Requirement
After finding the line with "A screenshot from" in the entries below, retype exactly each line from there through the line with "キール前部に特注フィンが設置", including that final line.

Source material
------------------------

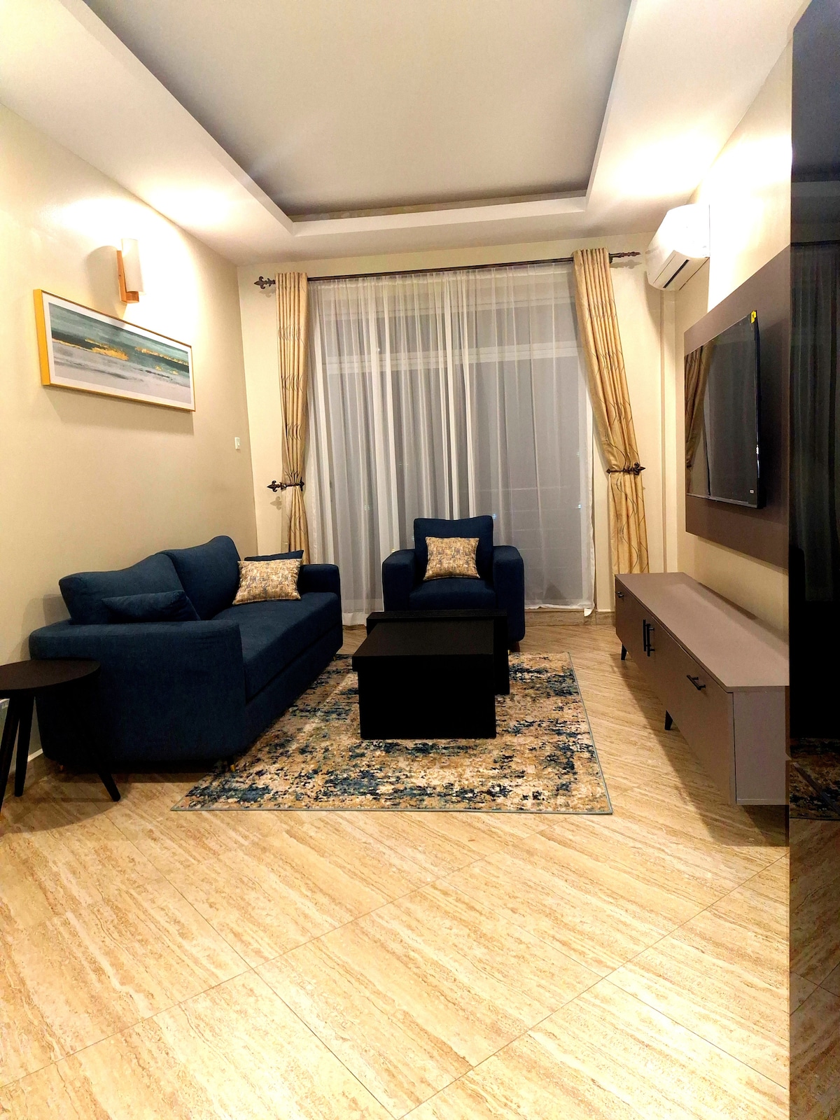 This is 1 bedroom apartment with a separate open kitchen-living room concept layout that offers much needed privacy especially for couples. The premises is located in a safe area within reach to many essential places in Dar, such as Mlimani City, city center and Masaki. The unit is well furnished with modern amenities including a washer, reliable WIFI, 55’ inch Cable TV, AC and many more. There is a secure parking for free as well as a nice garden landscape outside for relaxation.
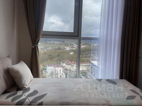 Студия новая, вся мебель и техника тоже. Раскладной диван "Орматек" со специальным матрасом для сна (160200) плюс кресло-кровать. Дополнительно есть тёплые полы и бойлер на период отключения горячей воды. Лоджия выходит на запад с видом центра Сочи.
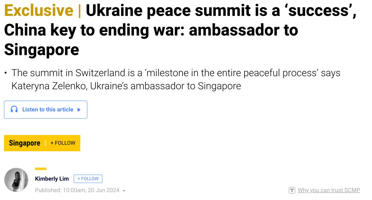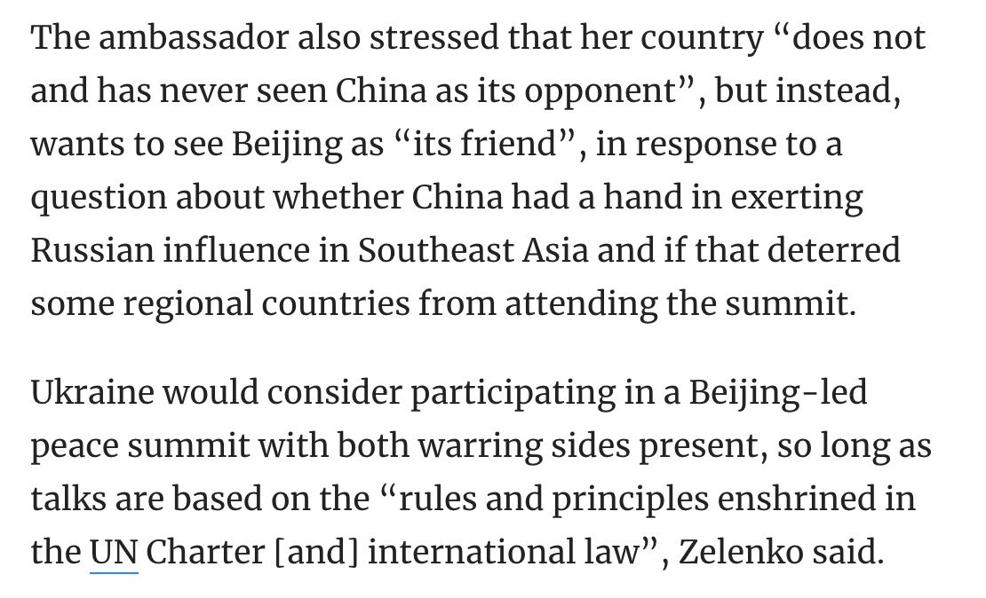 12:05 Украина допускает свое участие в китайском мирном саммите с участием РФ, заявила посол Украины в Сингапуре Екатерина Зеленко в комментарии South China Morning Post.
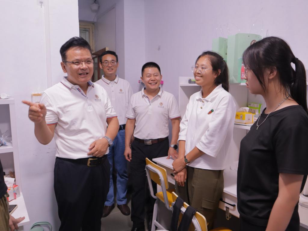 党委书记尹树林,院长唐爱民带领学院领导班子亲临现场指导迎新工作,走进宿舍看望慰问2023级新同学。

------------------------

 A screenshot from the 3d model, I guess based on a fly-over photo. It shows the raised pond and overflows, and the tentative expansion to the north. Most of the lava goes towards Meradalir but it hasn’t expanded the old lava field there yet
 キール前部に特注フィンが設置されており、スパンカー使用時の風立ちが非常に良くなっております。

------------------------

Solution to the exercise
 A screenshot from the 3d model, I guess based on a fly-over photo. It shows the raised pond and overflows, and the tentative expansion to the north. Most of the lava goes towards Meradalir but it hasn’t expanded the old lava field there yet
 キール前部に特注フィンが設置されており、スパンカー使用時の風立ちが非常に良くなっております。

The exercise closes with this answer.